Jean Paul Sartre question?

Sartre explains that, because of our condition, we are beholden to anguish, forlomess, and despair. Explain what Sartre means.





Im trying to understand this for my final exam. Please help.|||Oh I had my existentialism exam in this last Friday so it's fresh in my mind.





Okay, so Sartre believes we live in a God-less world, and we also lack any predetermined human nature. Any coherence we get from our lives comes directly from ourselves as man paints his own portrait in life and has no one to blame but himself. Or as Sartre himself says 'Man is nothing else but what he makes of himself'. We literally cannot place the blame at anyone else's door for how our lives turn out.





This very fact is pretty terrifying for people and is overwhelming and it can lead to feelings of aloneness and abandonment. When we have such feelings we feel anguish - this comes from realizing the full weight of our responsibilities and the consequences that arise from our choices. Despair comes from that fact that we (as agents of free choice) are open to chance - things that may affect our choices etc. Once we embrace this possibility of chance it lead to feelings of hopelessness and ultimately despair.





Now pair these two together and you get bad faith. Bad faith is any form of self-deception that leads to the denial of human freedom and responsibility. People live in bad faith in order to escape the above feelings and to deny their freedom and responsibility. A good example of this is someone who believes in God. This person will say that ultimately God controls what they do, their choices and their lives. But Sartre says this is the very essence of bad faith, as the person is denying their responsibility and is putting their choices into the hands of a higher power - even though God doesn't exist! Things that people subscribe to like religion, science or social standings are good example of bad faith as people are here denying their facticity or transcendence.

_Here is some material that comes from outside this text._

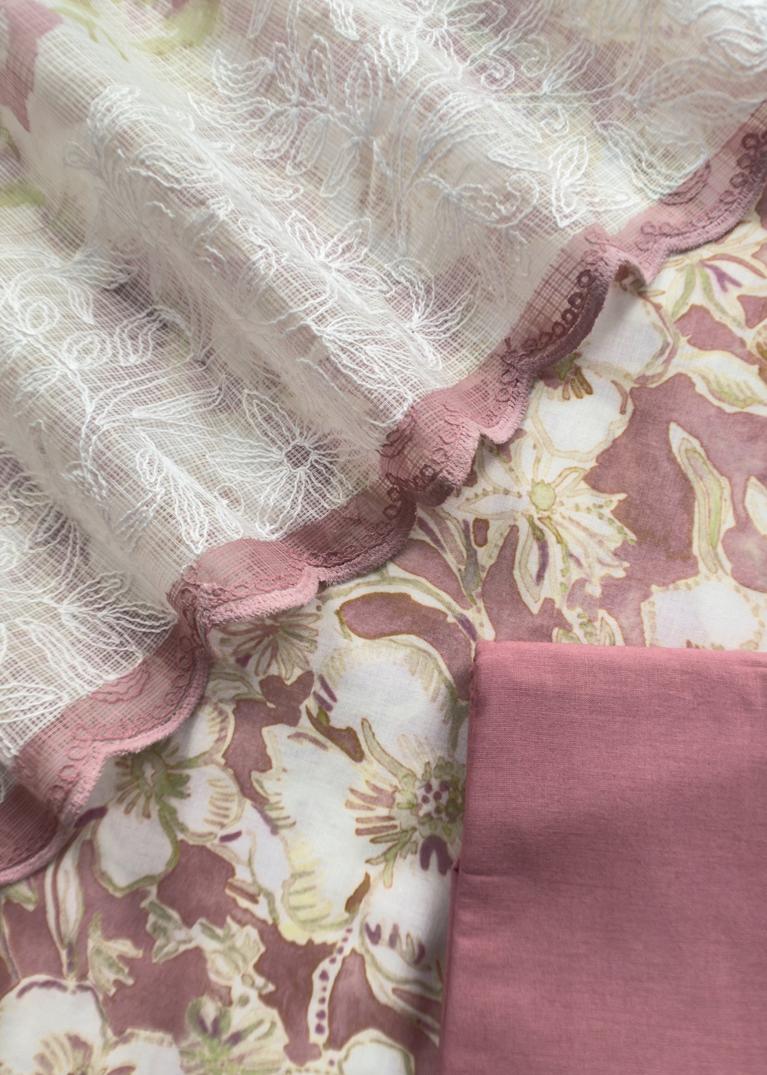 Light Pink Cotton Suit With Kota Embroidered Dupatta

Facticity are the qualities experienced by the third party, ie, height, skin colour, weight, job role - but these things cannot define you as a person. Transcendence is the inner relationship we have to the world and can only be experienced by the individual, it's highly subjective. Bad faith comes from denying one or both of these things. Look up Sartre's 'woman seduced' or 'waiter' example for bad faith. The woman is identifying solely in her transcendence and is denying any facticity, but the waiter is denying his transcendence and identifying with his facticity.





Phew...I hope this helps a little bit. Email me if you need more, I got tons of this stuff!|||Sartre’s bad faith is a term used to describe an individual who denies their general state of existence as a being who can transcend his or her own facticity. Bad faith comes from a natural need to lie to ourselves in order to regulate our impulses however it only comes to be fully developed when we begin to believe in this lie.This self-deception does not run into the problems faced by Freud when he tries to explain how the conscious interacts with the unconscious parts. For example when I say “I am not a murderer so I will not do it” it is alright to believe in this reasoning but it is a mistake to buy into it any more than as a regulatory process rather than some hidden drive.

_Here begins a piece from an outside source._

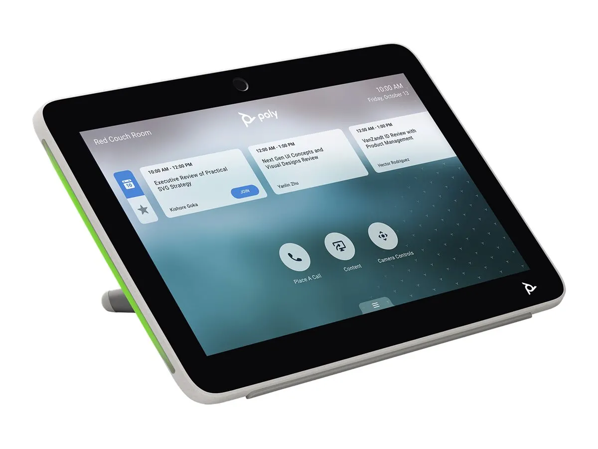 The Poly TC10 is an intuitive touch control unit designed for video conferencing. It simplifies the user experience by providing easy access to video calls, content sharing, and meeting management. The sleek and modern design enhances any meeting room environment.

We are induced into bad faith commonly during what Sartre calls “the look” which is when we perceive ourselves as though through others eyes as our own "facticity". Once we begin to define ourselves by what we are in any absolute way we are denying an even more basic definition of ourselves that humans are always free to choose (or free to transcend this facticity). However this freedom is not the remedy for bad faith. transcendence can run in to problems as well when we place too much emphasis on our ability of transcendence. For instance if I admit that I have in the past always acted cowardly but I have the opportunity to change this fact tomorrow I am in bad faith because I am denying a basic understanding of myself. Only by knowing what you are can you begin to change yourself.



In the end Sartre wants people to recognize themselves as brave when they are brave but not to hold too strongly to this definition because you are never more courageous than you are cowardly at the moment of decision. Sartre concludes a balance must be sought between our transcendence and our facticity. Bad faith is a dis harmony between facticity and transcendence.



Although Sartre argues that man can find a balance it seems we are always either in a state of transcendence's bad faith or facticity's bad faith.....swaying between the two never finding that sweet spot.